Thursday, January 3, 2013

Dictionary Implementation

In Udacity CS101, the unifying thread of the course is construction of a web crawler and search engine. Without making much of a point of it, the initial implementation involves a simple list and linear search. Then, the scaling problem of that approach is pointed out, and the course explains hash tables as a more time efficient way to store searchable data. After we'd rolled some of our own hash tables, the course goes on to introduce Python's dictionary data type - Hash tables as an inherent part of the language.
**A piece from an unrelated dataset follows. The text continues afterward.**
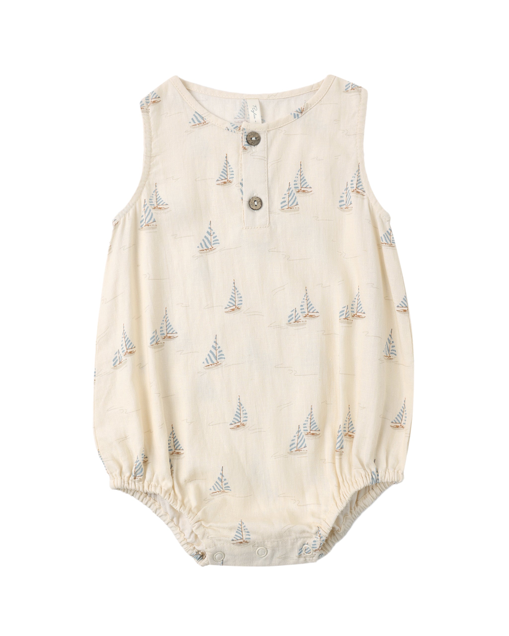 Our Beau Romper is the perfect summer outfit for your little one. This romper features a button placket on the chest and bottom snaps for easy changing.
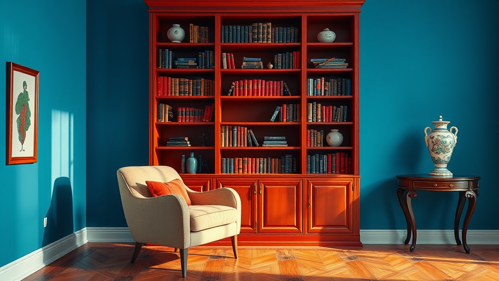 A vivid photograph of a cozy armchair and an elegant bookshelf, featuring rich triadic colors and dynamic, bold strokes. The scene is enhanced with delicate porcelain accents, capturing a perfect balance of comfort and sophistication in a harmonious 3:2 aspect ratio.

One of the students asked in the forum how dictionaries were actually implemented. How does Python know how many buckets to allocate for a dictionary? To see the original question see: http://forums.udacity.com/questions/2015065/dictionary-and-hash-table. I looked into the matter and posted this reply:

There's a book from O'Reilly called "Beautiful Code". Chapter 18 of that book describes the Python dict implementation in detail and the web has positive things to say about that chapter. Alas, the book is not freely available, unless you have access to a good technical library from which you can borrow the book. My local library isn't particularly technical, but they can do interlibrary loans from distant university libraries to get what I need, so long as I'm patient. Ask your librarian for help.

Or, if you are feeling ambitious, take advantage of the fact that Python is open source, so you can look at its innards to your heart's content. Python dictionary implementation (in C). As George Lucas had Obiwan suggest: Use the source, Luke.

The most common Python implementation is Cpython, an interpreter implemented in the C language. But there's a somewhat more experimental implementation called Pypy, an interpreter implemented in Python. I speculated that with a little rummaging around, I ought to be able to find Pypy's implementation of dictionary's, but close as I found was some documentation on Pypy's dictionary optimizations. There are tons of bitbucket.org/pypy pages for Pypy source, but I didn't actually find the Pypy code that you are asking about. Feel free to show me up on locating the routine of interest to you.